Sunday, April 23, 2006

Baroque Rites of Spring

I really enjoyed listening to the pieces the Chamber choir sang on Thursday which were from the Baroque era, well some of them were. The first piece they sang, Revecy Venir du Printans, by Claude LeJeune was an appropriate and happy song about the coming of spring. The chanson was very typical for it’s time, and contained polyphonic voices coming together frequently at cadences The melody was very repetitive and catchy. I was particularly interested in their second piece, Crucifixus by Antonio Lotti because Prof. Crouch said Lotti was majorly influenced by the stile antico, created by Palestrina, which I’m writing my music history research on. Just as he mentioned, it was a sacred piece which was polyphonic and contained many suspensions. Laslty, Au Miserere mei was a chant which a quartet singing in the back balcony of Meharry.

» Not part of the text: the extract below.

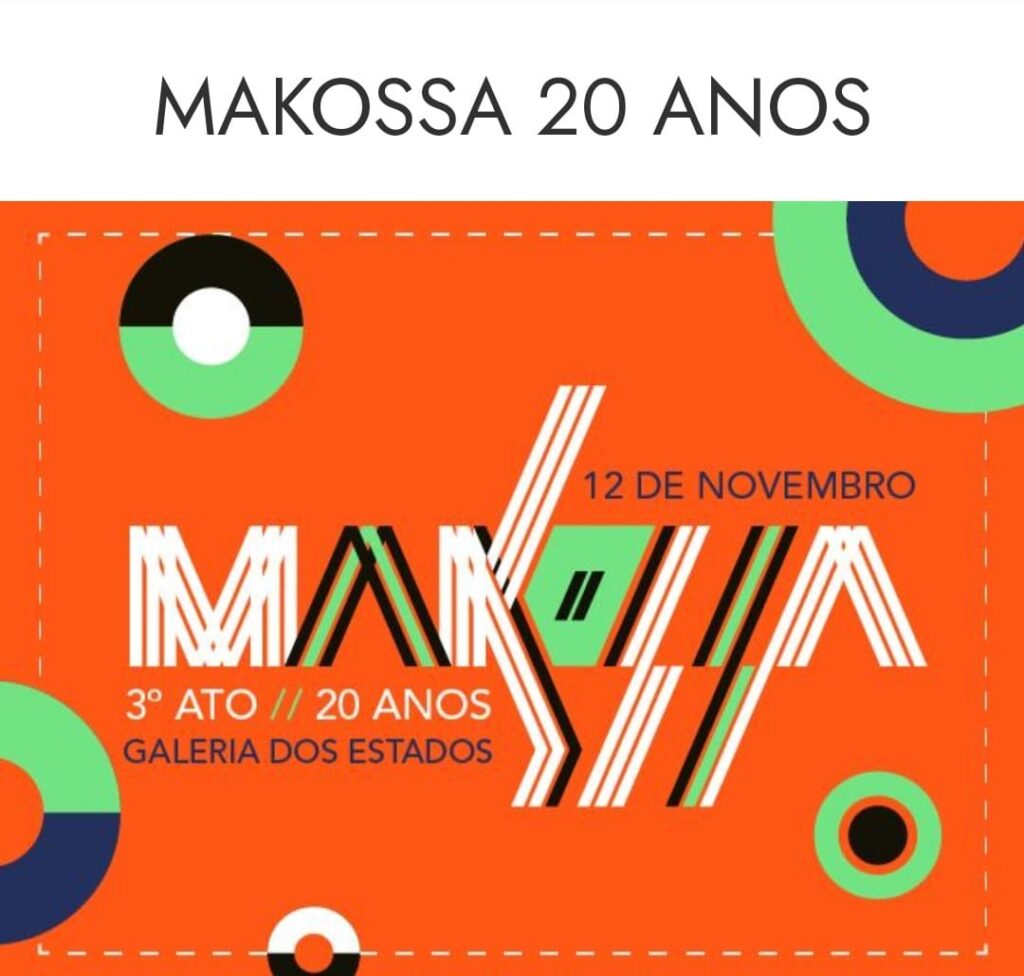 A terceira e última festa em celebração aos 20 anos da grande festa Makossa acontece no próximo sábado (12) na Galeria dos Estados, às 22h. O tradicional baile recebe Dj Nu-Mark (Jurassic 5), Ketlen Niggaz, Chicco Aquino Feat Bell Lins & Taliz, Umiranda, Luísa Viscardi (SP), Chokolaty e Tiago Gioseffi.

The quartet would sing a beautiful refrain and then the rest of the chorus would respond in a Gregorian chant-like response. It was gorgeous but it repeated so many times with different lyrics that it got a bit repetitive. A three movement Bach motet, Singet Dem Herrn was next. It sounded very difficult for such a small choir to be divided into so many parts, but it was beautiful. After that 15 minute piece you could tell everyone up couldn’t stand there another minute, but it was worth it.

1 comment:

Scott Spiegelberg said...

Some pieces from the Baroque and Renaissance were intended for church, not the concert hall. The Au Miserere mei is such an example. The repetition was meant both to allow the educated listeners to hear the whole scripture, and to lull the whole congregation into a meditative state, more conducive to praying.